A bit of information on what the above is doing. An Azure SQL database stores statistical data in the sys.dm_db_resource_stats table. These are 30 second averages. Because we have the check configured to run every five minutes, we are taking all rows from the past five minutes and averaging them all together. This gives us a five minute average value. Next we want a pretty summary string so we take that same five minute average and also pull the DTU size the database is currently configured for. The final result is a summary string like Currently using 4.28% of 20 DTUs.

Note: This component must be run on the Rock server itself, which means you may need to specify the Rock server in the Collector Override when you attach it to a device profile.
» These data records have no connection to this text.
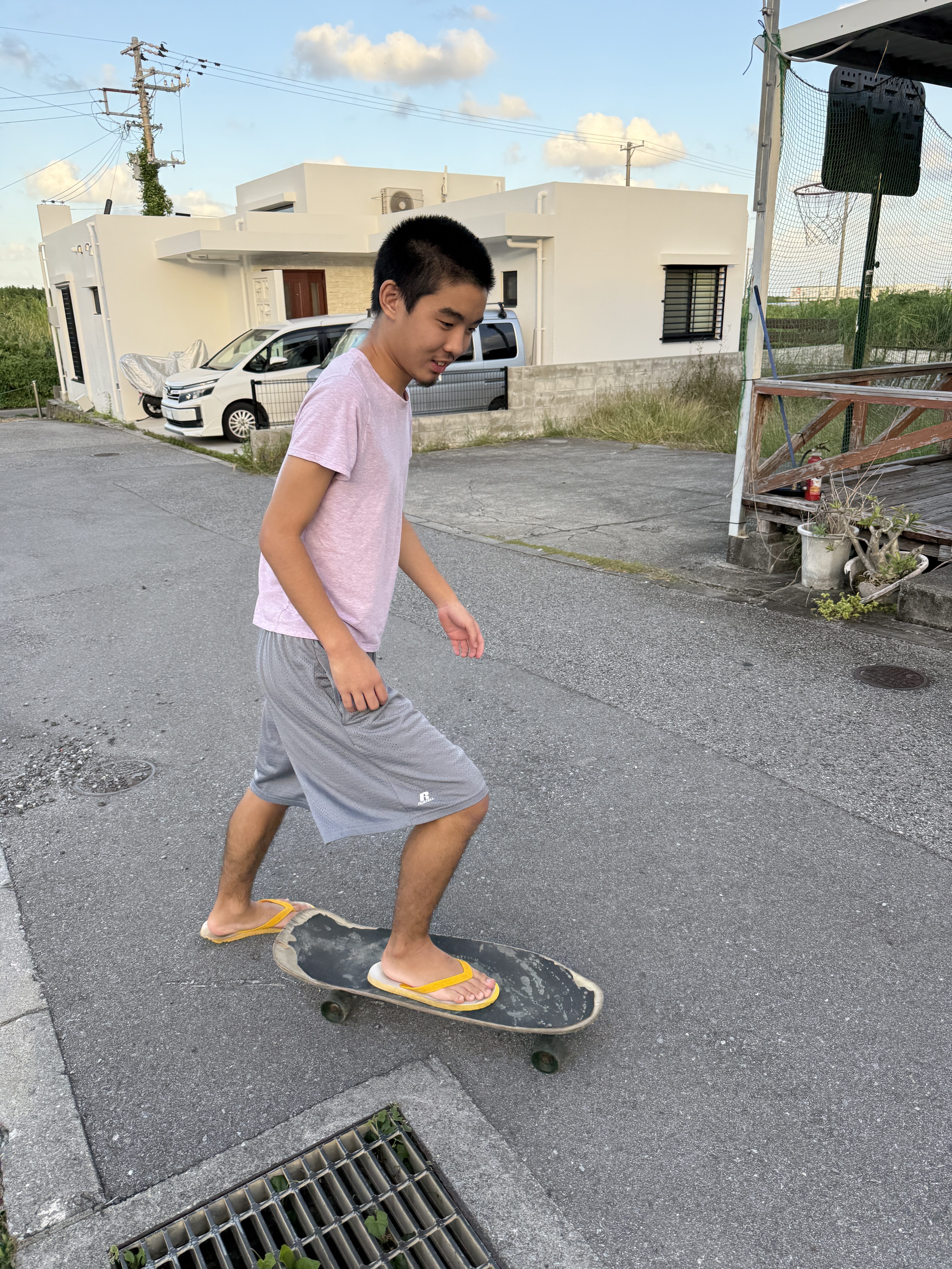 昼間寝ていた子は夕方スケボー🛹とドライブ🚗を楽しみました😊🌇
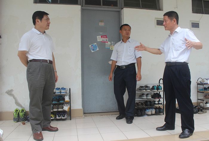 9月1日,海南大学副校长何忠平在后勤集团副总经理李长明,总经理助理蒙生儒的陪同下到海甸校区学生区检查宿舍维修改造项目等迎新准备工作。
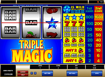 Игровой слот Triple Magic содержит такие символы: вишни, бары трех видов, три семерки, звезды. Отличительной особенностью слот-машины является наличие двух видов монет, номинал которых составляет от 0,25 до 10 кредитов. Минимальную прибыль принесет комбинация из вишен, которая оплачивается с коэффициентом х2 при выпадении одного символа, х5 – при выпадении двух символов и х20 принесут три рядом стоящих изображения. Три одинарных бара оплачиваются с коэффициентом х10, три двойных с х25, три тройных с х50. За комбинацию символов 777 в зависимости от суммы ставки можно получить от 100 до 200 кредитов, Наибольшую прибыль принесет символ три звезды в размере от 800 до 1 600 кредитов! Удачи в игре!
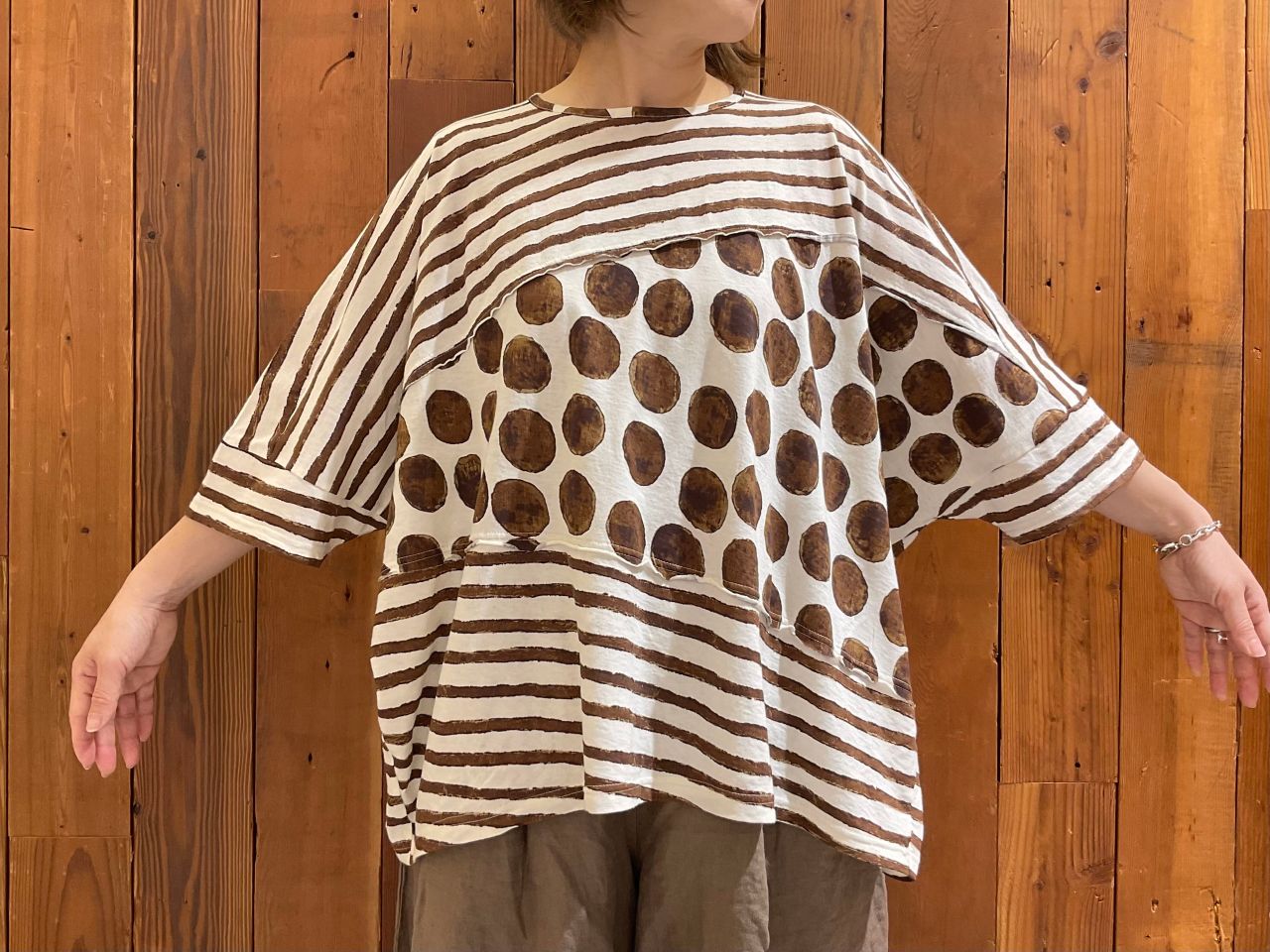 ドットとボーダーのプリント生地を接ぎ合わせた綿100%カットソー。
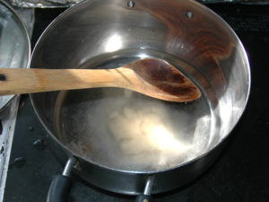 ①鍋に水と粉寒天を入れ、良く混ぜて寒天を溶かします。
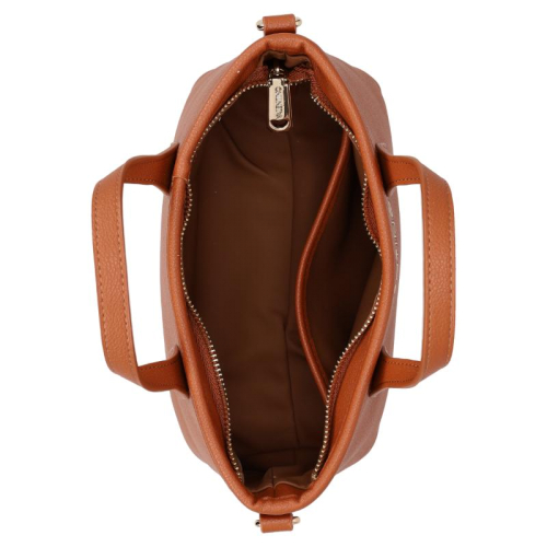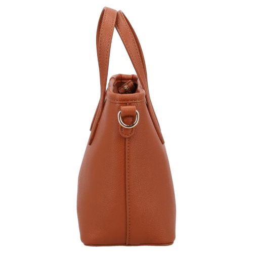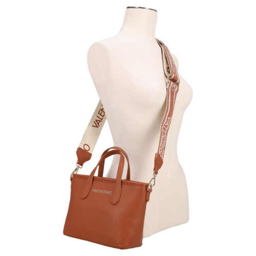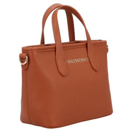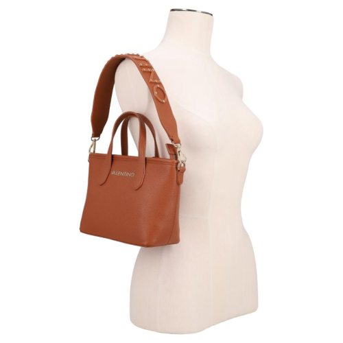 Stap de wereld van verfijnde stijl binnen met de Valentino Bags Dea Re. Het strakke bruine design vormt de perfecte basis voor de luxe goudkleurige hardware, die het geheel een elegante en krachtige uitstraling geeft. De generfde leerlook zorgt voor extra diepte en een hoogwaardige finish, terwijl de merknaam op de voorzijde direct verwijst naar het iconische karakter van Valentino Bags. Een bijzonder detail is de korte schouderband met kunststof merkletters, afgewerkt met subtiele afgeronde goudkleurige studs voor een chique accent. De dubbele handvatten geven de tas een klassieke handtasuitstraling en maken het silhouet extra stijlvol.

Warning: Usually these SQL queries you will be running are not things you need to update every five minutes. Update your Check Interval with an appropriate value. For example if you are monitoring the number of people in the Web Prospects role, you probably don't need to update that value every five minutes. Configure it to run hourly, or maybe even daily.

TCP Port Open

TCP Port Open

Wouldn't it be nice if you could monitor your Exchange server to ensure it hadn't crashed? Or your Linux hosts to make sure they are still responding to SSH connections correctly? That is exactly what the TCP Port Open component is for. At it's most basic level, it ensures that it can successfully connect to the host on the given port number. These are specified by the Address and Port fields. You can also specify the time in milliseconds to wait for a connection with the Timeout field.

But just connecting to the port doesn't necessarily tell you things are working correctly. Most services send some form of "hello" string when you first open a connection to them. If the port you are connecting to is one of these, then you can enter a value in the Signature field to match against that text data it sends. This is a regular expression field which means you can do some pretty advanced matching. To see a few examples of how this works, take a look at the SSH Service, SMTP Service and IMAP4 Service checks.